*** Opening of INFORMATION GIVEN ***
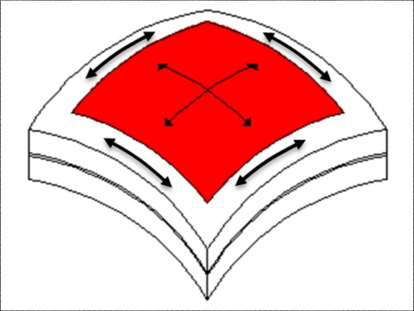 For a VIG with an un-supported edge condition, the stresses remote from the edge seal over the outer surfaces of the hot side (surface 4) and cold side (surface 1) are found to be isotropic and of the same magnitude, but are tensile and compressive, respectively [1,6,7,9]. Closer to the edges of the glass panes, the stresses over the glass surfaces are anisotropic.
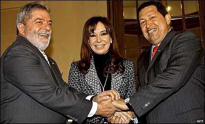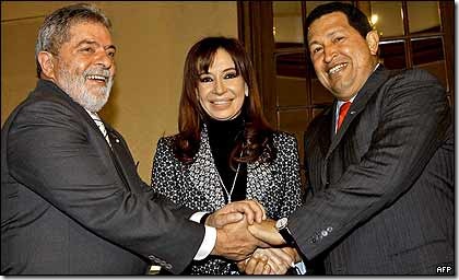 A Buenos Aires si sono riuniti ieri il presidente brasiliano, Lula da Silva, quello venezuelano Hugo Chávez, ospiti di Cristina Fernández. Sono i tre paesi più importanti e il motore dell’integrazione latinoamericana che tanti nemici incontra in Europa e Nordamerica ma vanno ogni volta più avanti. E’ quello che negli Stati Uniti hanno definito “asse del male latinoamericano” e Cristina con Chávez sono oggi in Bolivia per appoggiare Evo Morales per il revocatorio del prossimo 10 agosto.
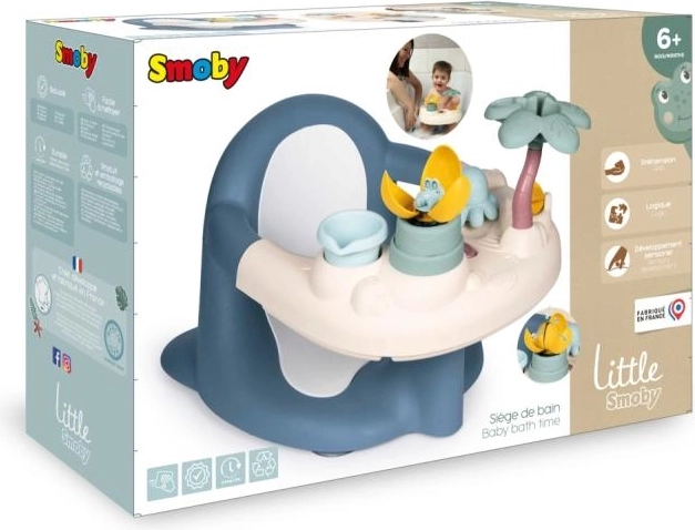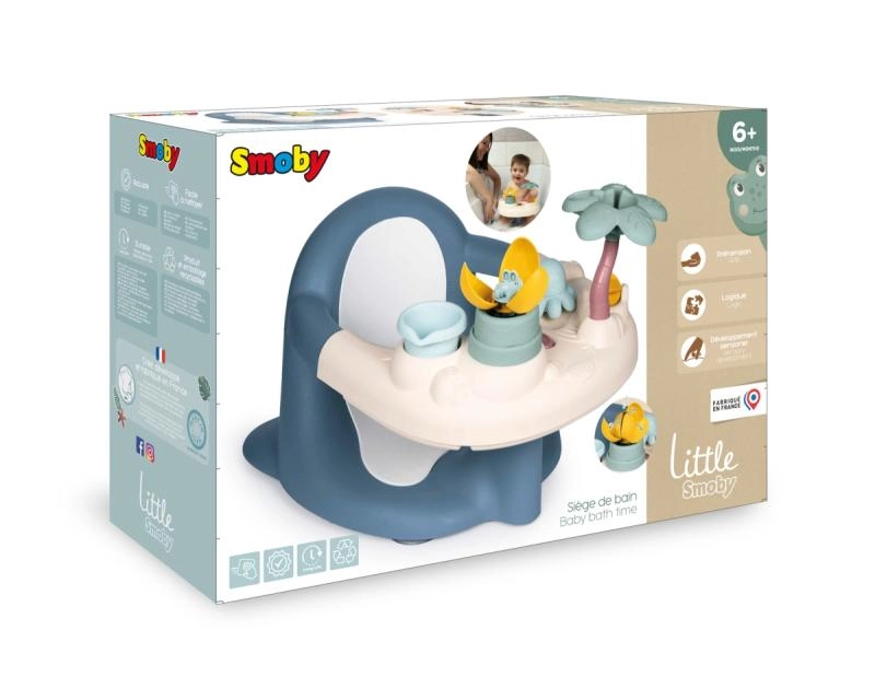 A csomag része az interaktív játéktálca 5 vizes tevékenységgel, amelyek fejlesztik az érzékelést és a finommotorikát: vízimalom, öntőpohár, pálma permetező, „varázs” virág és vizet spriccelő polip. Négy erős tapadókorong tartja szilárdan az ülést a kád alján a maximális stabilitásért. Franciaországban készült.
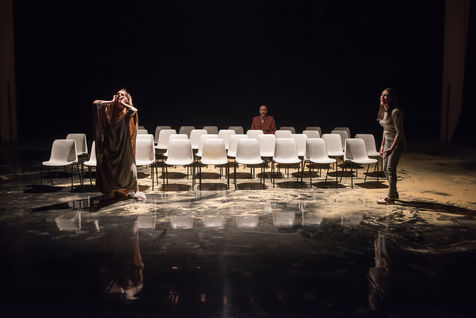 PLACE texte et mise en scene de Tamara Al Saadi avec David Chausse, Yasmine Nadifi, Francoise Thuries, Ismael Tifouche Nieto, Roland Tilsit, Marie Torment, Maya Sanbar et Sophie Schlienger a Avignon au Gymnase du lycée Saint-Joseph le 18 juillet 2019.
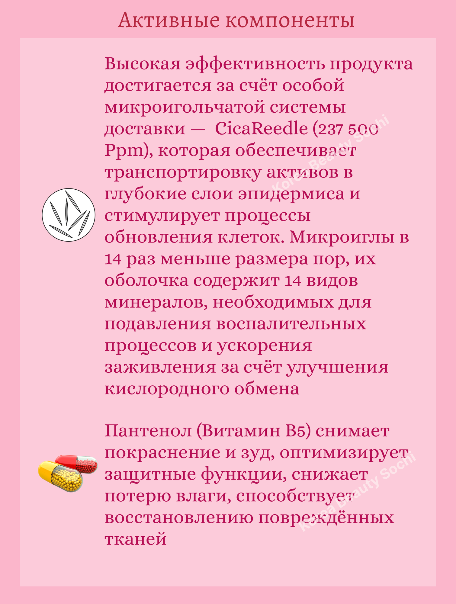 | Способ применения | во время вечернего ухода нанесите необходимое количество средства на предварительно очищенную кожу, распределите пальцами и дождитесь полного впитывания. Продолжите уход этапами тонизирования и увлажнения. В дневное время используйте солнцезащитное средство SPF50 PA++++. Внимание! Бустер-сыворотка с микроиглами может вызывать ощущение покалывания после нанесения |
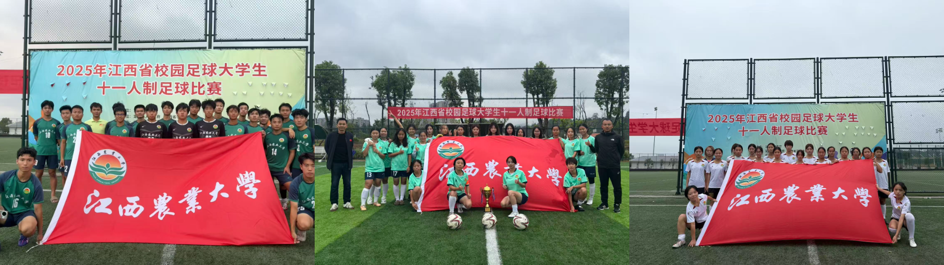 10月17日至23日,由江西省教育厅主办的2025年江西省大学生足球赛在赣州市定南县顺利举行。我校由军体部周衍超、金勇伟两位老师带队参赛。最终,我校荣获本科女子乙组冠军、男子乙组亚军,学校获评体育道德风尚奖。
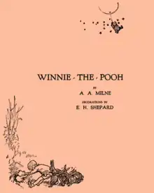 Before writing Winnie-the-Pooh, A. A. Milne was already a successful writer. He wrote for English humour magazine Punch, had published a mystery novel, The Red House Mystery (1922), and was a playwright.[2] Milne began writing poetry for children after being asked by fellow Punch contributor, Rose Fyleman.[3] Milne compiled his first verses for publishing, and though his publishers were initially hesitant to publish children's poetry, the poetry collection When We Were Very Young (1924) was a success.[2] The illustrations were done by artist and fellow Punch staff E. H. Shepard.[2]
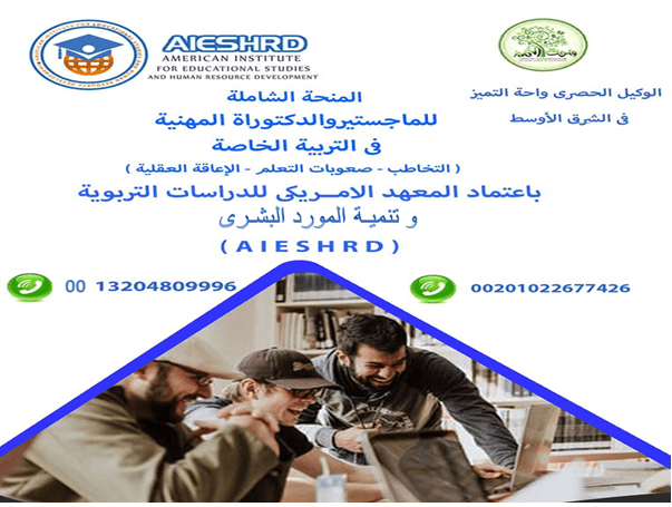 منحة الماجستير المهنى التدريبى للصحة النفسية و الإرشاد الأسرى و التربوى .. أونلاين حقق طموحك و ارتقى بقدراتك و انضم لأقوى برنامج ماجستير و دكتوراة مهنى تدريبى أونلاين عن بعد للمؤهلات العليا فقط بالوطن العربى ، البداية الأربعاء 30 سبتمبر 2020 م . حصرى من أكاديمية واحة التميز للتدريب باعتماد المعهد الامريكى للدراسات التربوية و تنمية المورد البشرى المنحة مدعمة بأكثر من 50 % بمناسبة العيد الثامن لأكاديمية واحة التميز للتدريب العرض الحالى لفترة محدودة ينتهى 6 - 9 – 2020 م ، العدد محدود بأسبقية الحجز : بمقدم 250 $ وأو 938 ريال و الباقى على أقساط شهرية الدراسة للماجستير المهنى التدريبي 8 شهور ... و الدراسة للدكتوراة المهنية التدريبية 12 شهر مقسمة فترة دراسة عن بعد .. والباقي للبحث و المناقشة و القراءة المتعمقة المحتـــوى : علم نفس الطفل علم نفس اجتماع إرشاد أسرى تربوى إدارة وتعديل السلوك للأطفال و المراهقين جديد علم نفس اكلينيكى تغذية علاجية لايف كوتشينج المنحة مدعمة باعتماد المعهد الامريكى للدراسات التربوية و تنمية المورد البشرى ِِAMERICAN INSTITUTE FOR EDUCATIONAL STUDIES AND HUMAN RESOURCE DEVELOPMENT الاعتمـــــادات شهادة بالماجستير المهنى التدريبى فى معتمدة من المعهـــد الامــــريكى للدراسات الــــتربوية وتنمية المورد البشري ( اعتماد دولى امريكى يقبل الخارجية الامريكية برسوم إضافية ) ) شهادة بمسمى ماجستير مهنى سريع باعتماد من المعهد العربى للدراسات – اتحاد المعلمين العرب - و موثقة خارجية مصرية شهادة بماجستير تدريبى فى التخصص من أكاديمية واحـة التمــيز للتدريب عدد 5 شهادات بالدبلومات و المواد التى يتم دراستها من واحة التميز للتدريب مصر كارنيه من المعهد الامريكى للدراسات التربوية و تنمية المورد البشرى كارنيه من أكاديمية واحة التميز للتدريب استمارة التسجيل الأولى مع ملاحظة اتمام الحجز بإرسال مقدم الحجز و الأوراق https://cutt.us/Jd6P7 البيدج الرئيسى على الفيسبوك لواحة التميز للتدريب https://cutt.us/TXZF1 الموقع الالكترونى لواحة التميز للتدريب http://wahaacademy.org للتواصل : 00201141568171 - 00201016990017 واتس وايمو وفايبر https://i.suar.me/gxG4l/l متاحة أيضا المنح التالية https://i.suar.me/yoGp7/l https://i.suar.me/AdjnV/l https://i.suar.me/m2G5j/l #الصحة_النفسية #علم_النفس #التخاطب #صعوبات_التعلم #العلاج_السلوكى_المعرفى #التربية_الخاصة #الإرشاد_الأسرى #الإرشاد_التربوى #تعديل_السلوك |
*** Close of INFORMATION GIVEN ***
__WHAT IS REQUIRED__
Nothing should appear in the reply except the lines from the start of the listing above through the line with "A Buenos Aires", repeated exactly and free of pictures.

__OUTPUT BELOW__
 For a VIG with an un-supported edge condition, the stresses remote from the edge seal over the outer surfaces of the hot side (surface 4) and cold side (surface 1) are found to be isotropic and of the same magnitude, but are tensile and compressive, respectively [1,6,7,9]. Closer to the edges of the glass panes, the stresses over the glass surfaces are anisotropic.
 A Buenos Aires si sono riuniti ieri il presidente brasiliano, Lula da Silva, quello venezuelano Hugo Chávez, ospiti di Cristina Fernández. Sono i tre paesi più importanti e il motore dell’integrazione latinoamericana che tanti nemici incontra in Europa e Nordamerica ma vanno ogni volta più avanti. E’ quello che negli Stati Uniti hanno definito “asse del male latinoamericano” e Cristina con Chávez sono oggi in Bolivia per appoggiare Evo Morales per il revocatorio del prossimo 10 agosto.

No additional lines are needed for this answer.